Knowing HP, they likely integrated the video BIOS inside the main system BIOS. This is true for my laptop and its integrated HD 4250 + Mobility HD 5650 setup.


----------



## W1zzard (Aug 17, 2011)

Jstn7477 said:


> integrated the video BIOS inside the main system BIOS



that. if the gpu bios is integrated with the system bios when gpuz can't access it

does the notebook from the first post have multiple graphics gpus installed? strange that gpuz didnt get the defaults right


----------



## sanjiv (Aug 20, 2011)

W1zzard said:


> that. if the gpu bios is integrated with the system bios when gpuz can't access it
> 
> does the notebook from the first post have multiple graphics gpus installed? strange that gpuz didnt get the defaults right



I have a DV4 with a 6750m which is similar to the 6770m in the DV6. The DV4 has an IGP "HD3000" and a dedicated GPU "6750m". The user can switch between 6750m and HD3000 on will using AMD's switchable graphics under CCC.

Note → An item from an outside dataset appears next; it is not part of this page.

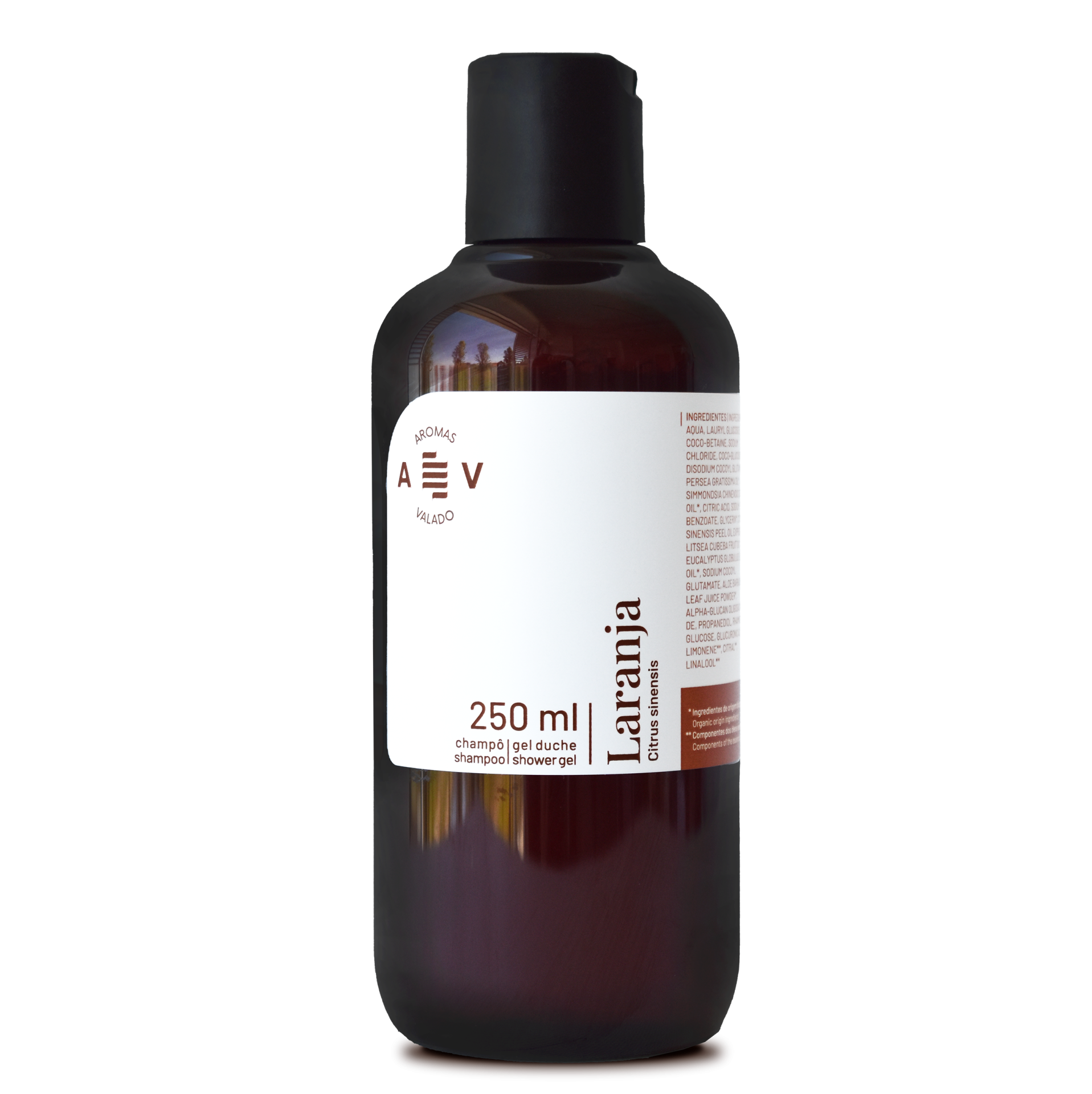 Champô e Gel Duche de origem natural, hidratante, enriquecido com óleo vegetal de abacate e jojoba e óleos essenciais. Fórmula vegana e com certificação biológica. Produto aromatizado com óleo essencial de laranja.

GPUz picks up both HD3000 and 6750m when started. I will be happy to help with any BIOS read attempts that might be made.

Here is the BIOS dump of an DV6 you can see if the GPU BIOS is inside or not.

http://www.mediafire.com/?1wg8mo4heu03kuf (01658.bin is bios file)

Here is the official update:

ftp://ftp.hp.com/pub/softpaq/sp54001-54500/sp54024.exe


----------



## ShogoXT (Aug 31, 2011)

W1zzard said:


> that. if the gpu bios is integrated with the system bios when gpuz can't access it
> 
> does the notebook from the first post have multiple graphics gpus installed? strange that gpuz didnt get the defaults right



It does in a way. Its a Sandy Bridge chipset so I have the GPU inside the Core i7 mobile itself. Then through Power Play or what not I can select which GPU I can use. It used to be dynamic switching until a HP Laptop BIOS upgrade. Now I can manually select which GPU I use.

It hadnt occurred to me that it would work that way. I always imagined that the 6770m was still a MXM chip with some weird interface allowing switching between the two. I figured it would still have its own bios. 

Yes I wanted to edit the bios so I wouldnt have to use applications to OC the 6770m. IF you need any more info from me let me know as id like to help, even don't mind digging into registries and such.


----------